Does it work? Got me. But there are certainly folks out there who are trying. Check out, for instance, Thomson Reuters News Analytics.
TomHCA: For others who want to get their hands real dirty, which computer languages you have found are better/worse for handling text analytics? And how about free/academic resources for sentiment and/or NLP?
Seth Grimes: There are lots of ways to do text analytics, and not all of them require getting deep into the technology. You can find a business focused solutions that address business needs and problems, for instance, for survey or qualitative research or social CRM (Customer Relationship Management). But you’re right, users who want to a highly performing solution may have to build (or extend) it themselves or work with a services provider that can handle that technology.
Do-it-yourselfers can try traditional, installed software. There are many choices, including open source tools such as GATE, RapidMiner and modules for programming languages such as Python and Java services.
Or check out as-a-service semantic tagging, accessed via a Web application programming interface. Examples are Thomson Reuters’ Calais and Evri, which focus on entities and terms; AlchemyAPI, which adds in concepts and topics; topic-focused TextWise; Open Amplify for relationships and intent signals; and Lexascope from Lexalytics and the Clarabridge API for
sentiment.
There are other options: Text-analysis solutions from companies including IBM, SAS, SAP, Attensity, TEMIS, Open Text, SRA, and others; search-focused technology from Autonomy, Endeca, Exalead, and Open Text; and a myriad of “listening platforms” that focus on social media. If you don’t mind a plug: Advising users on solutions and strategy, and vendors on product and market positioning, is a large part of my consulting practice.
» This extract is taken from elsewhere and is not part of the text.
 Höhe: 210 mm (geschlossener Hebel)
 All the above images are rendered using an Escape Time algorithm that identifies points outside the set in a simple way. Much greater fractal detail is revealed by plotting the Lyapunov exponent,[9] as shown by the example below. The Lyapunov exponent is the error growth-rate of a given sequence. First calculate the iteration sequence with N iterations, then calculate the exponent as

Also, folks who want to learn more will have a great opportunity at the up-coming Smart Content content analytics conference, October 19 in New York.
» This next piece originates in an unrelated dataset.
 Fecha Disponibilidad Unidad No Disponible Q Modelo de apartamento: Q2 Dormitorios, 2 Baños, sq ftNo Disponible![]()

TomHCA: Thanks Seth, certainly continues to be an interesting time for us
Seth Grimes: Tom, thanks for the opportunity to do a bit of market education.
Text analytics and semantics can and should be part of Next Generation Market Research initiatives, so I was glad to have a chance to explain how.
TomHCA: Always a pleasure Seth
@TomHCAnderson
Managing Partner
Anderson Analytics, LLC
[More on Seth – Seth Grimes is an analytics visionary: A consultant, writer, and industry analyst working in text analytics, business intelligence, data analysis and visualization, and information strategy as applied to information-age challenges. Seth founded consultancy Alta Plana in 1997 and is a long-time contributing editor at TechWeb’s IntelligentEnterprise.com, a channel expert at TechTarget’s BeyeNETWORK, and founding chair of the Smart Content: The Content Analytics Conference, the Text Analytics Summit, and Sentiment Analysis Symposium.]